Repeat exactly the lines of the records below, starting at the line containing "The half-moon is" and ending at the line containing "Überrasche deine Liebsten". Leave the pictures out.

Data for analysis:

%%

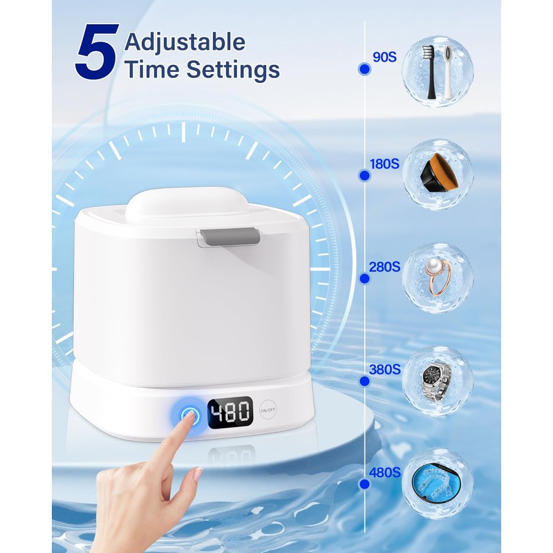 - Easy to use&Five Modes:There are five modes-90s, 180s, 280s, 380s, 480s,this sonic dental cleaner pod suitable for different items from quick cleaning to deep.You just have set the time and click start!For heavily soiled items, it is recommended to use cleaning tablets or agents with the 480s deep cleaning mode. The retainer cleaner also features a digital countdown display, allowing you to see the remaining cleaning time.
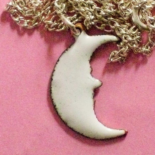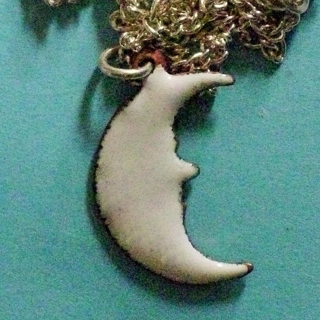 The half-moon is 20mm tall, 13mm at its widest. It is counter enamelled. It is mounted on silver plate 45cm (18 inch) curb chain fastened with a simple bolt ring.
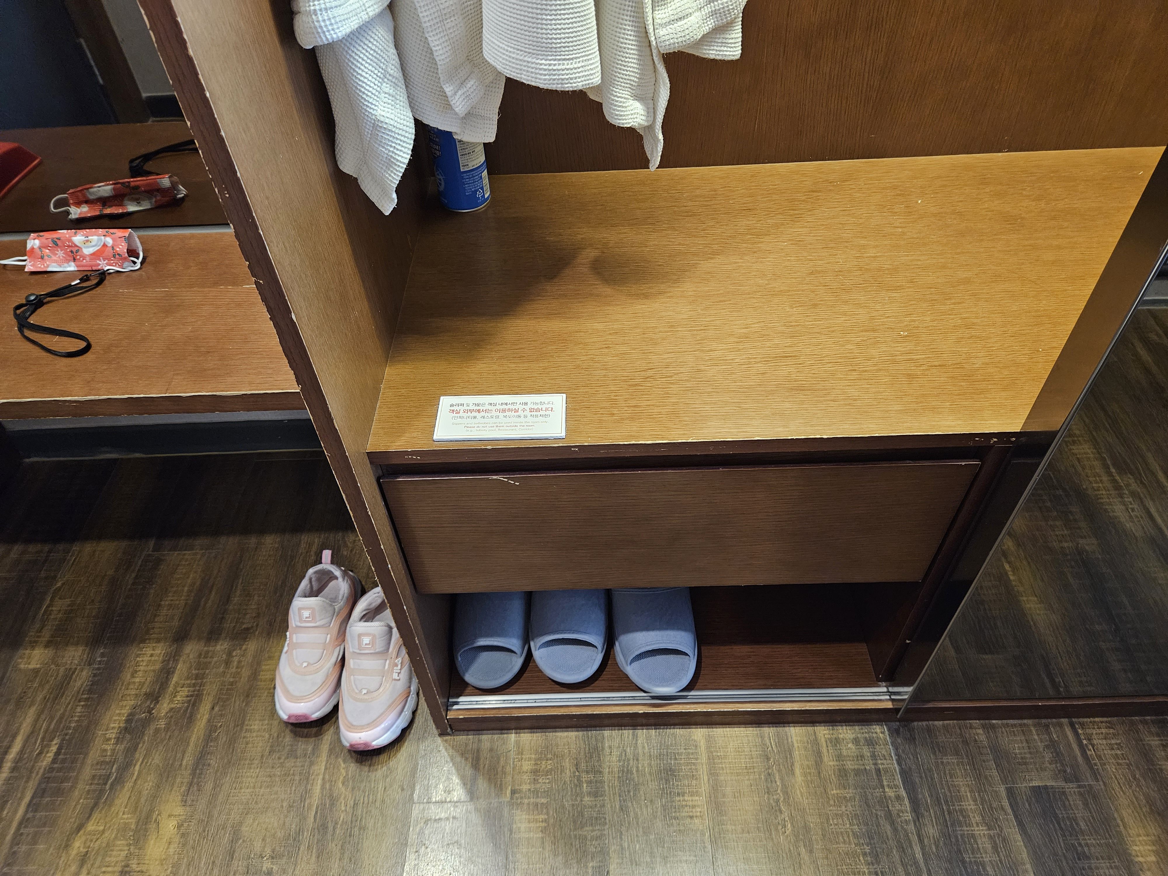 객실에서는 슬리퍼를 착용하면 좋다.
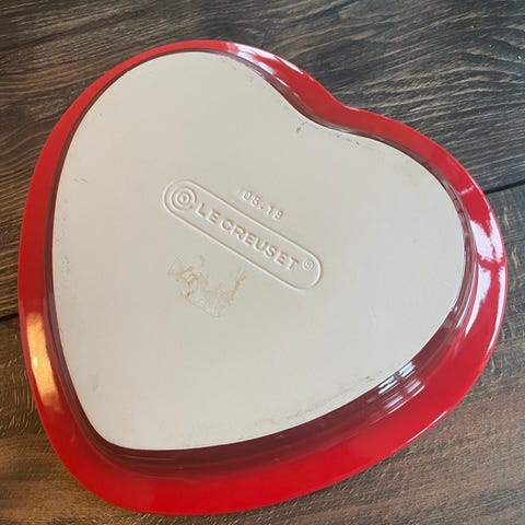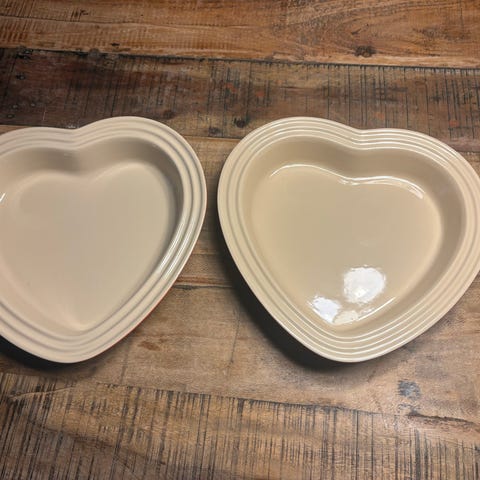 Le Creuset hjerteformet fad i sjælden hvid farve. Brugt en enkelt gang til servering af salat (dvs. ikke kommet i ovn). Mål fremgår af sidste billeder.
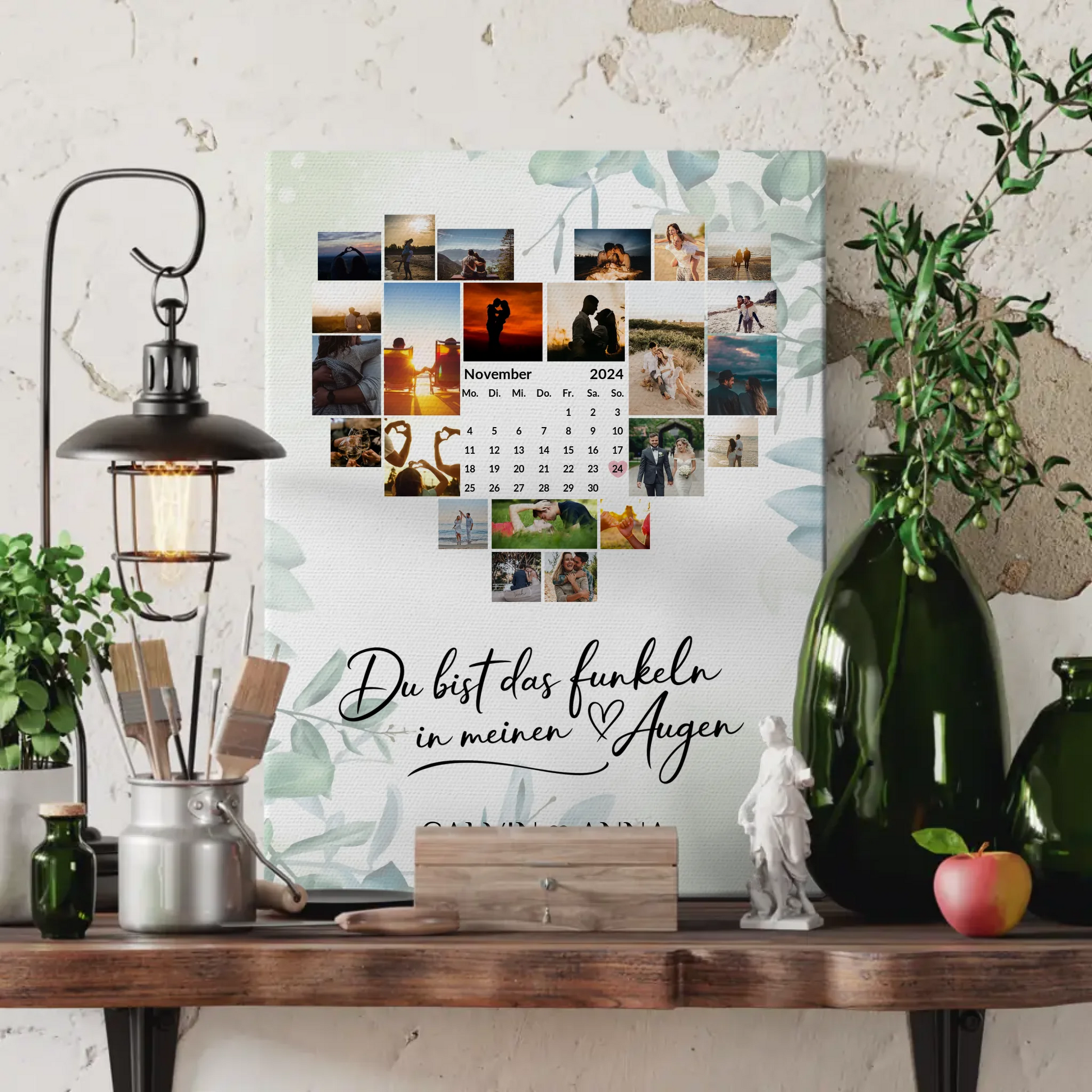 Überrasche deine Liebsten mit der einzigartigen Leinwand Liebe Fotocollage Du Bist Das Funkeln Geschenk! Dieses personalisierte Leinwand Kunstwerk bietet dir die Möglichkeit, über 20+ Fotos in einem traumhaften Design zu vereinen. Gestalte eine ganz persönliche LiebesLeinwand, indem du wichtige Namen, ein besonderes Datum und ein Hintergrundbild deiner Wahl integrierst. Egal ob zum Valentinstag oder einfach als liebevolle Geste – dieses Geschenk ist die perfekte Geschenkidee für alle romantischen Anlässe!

%%
%%

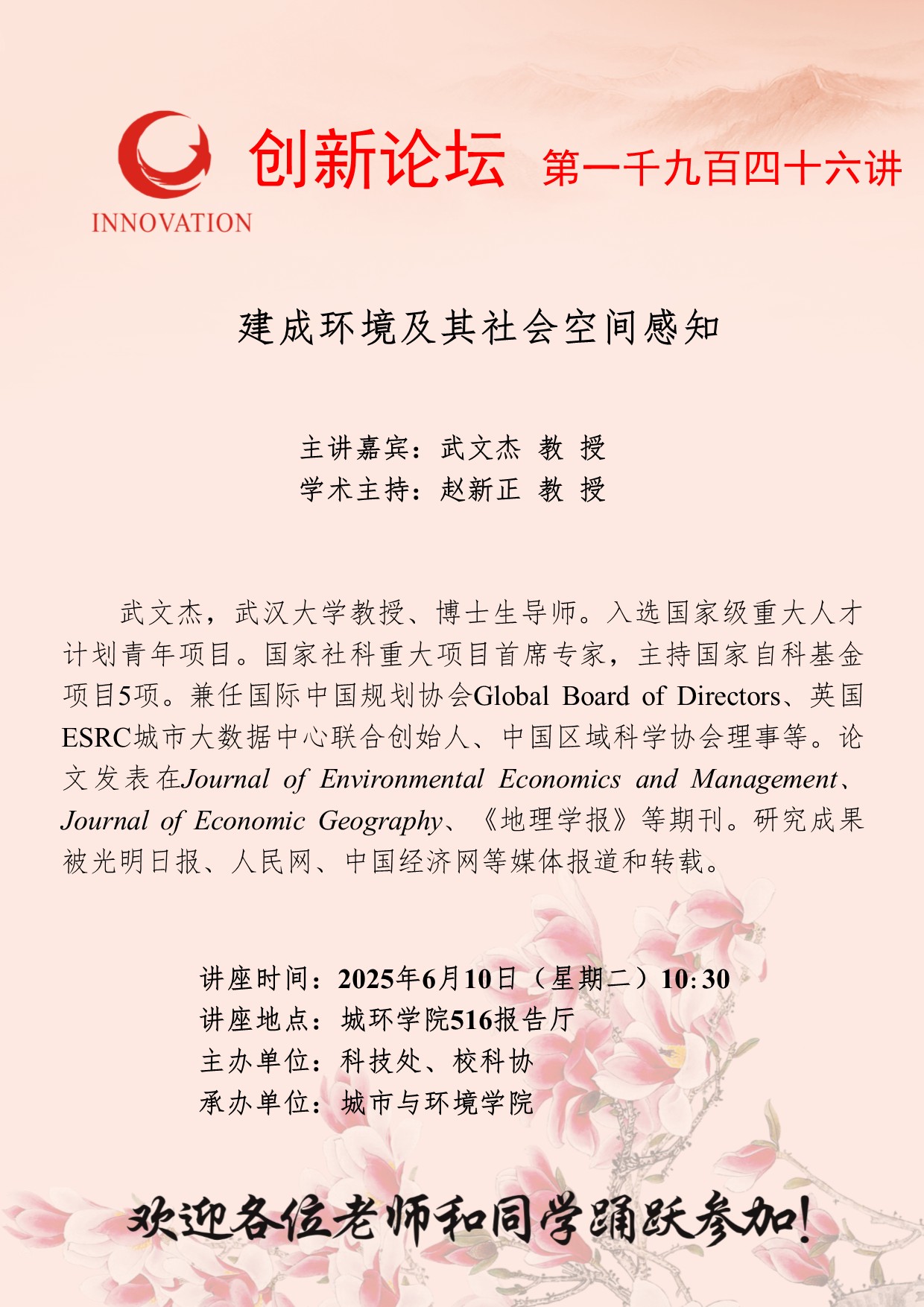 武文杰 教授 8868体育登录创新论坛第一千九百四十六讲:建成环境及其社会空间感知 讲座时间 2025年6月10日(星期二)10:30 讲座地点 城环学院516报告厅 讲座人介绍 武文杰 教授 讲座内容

%%

Expected answer:
 The half-moon is 20mm tall, 13mm at its widest. It is counter enamelled. It is mounted on silver plate 45cm (18 inch) curb chain fastened with a simple bolt ring.
 객실에서는 슬리퍼를 착용하면 좋다.
 Le Creuset hjerteformet fad i sjælden hvid farve. Brugt en enkelt gang til servering af salat (dvs. ikke kommet i ovn). Mål fremgår af sidste billeder.
 Überrasche deine Liebsten mit der einzigartigen Leinwand Liebe Fotocollage Du Bist Das Funkeln Geschenk! Dieses personalisierte Leinwand Kunstwerk bietet dir die Möglichkeit, über 20+ Fotos in einem traumhaften Design zu vereinen. Gestalte eine ganz persönliche LiebesLeinwand, indem du wichtige Namen, ein besonderes Datum und ein Hintergrundbild deiner Wahl integrierst. Egal ob zum Valentinstag oder einfach als liebevolle Geste – dieses Geschenk ist die perfekte Geschenkidee für alle romantischen Anlässe!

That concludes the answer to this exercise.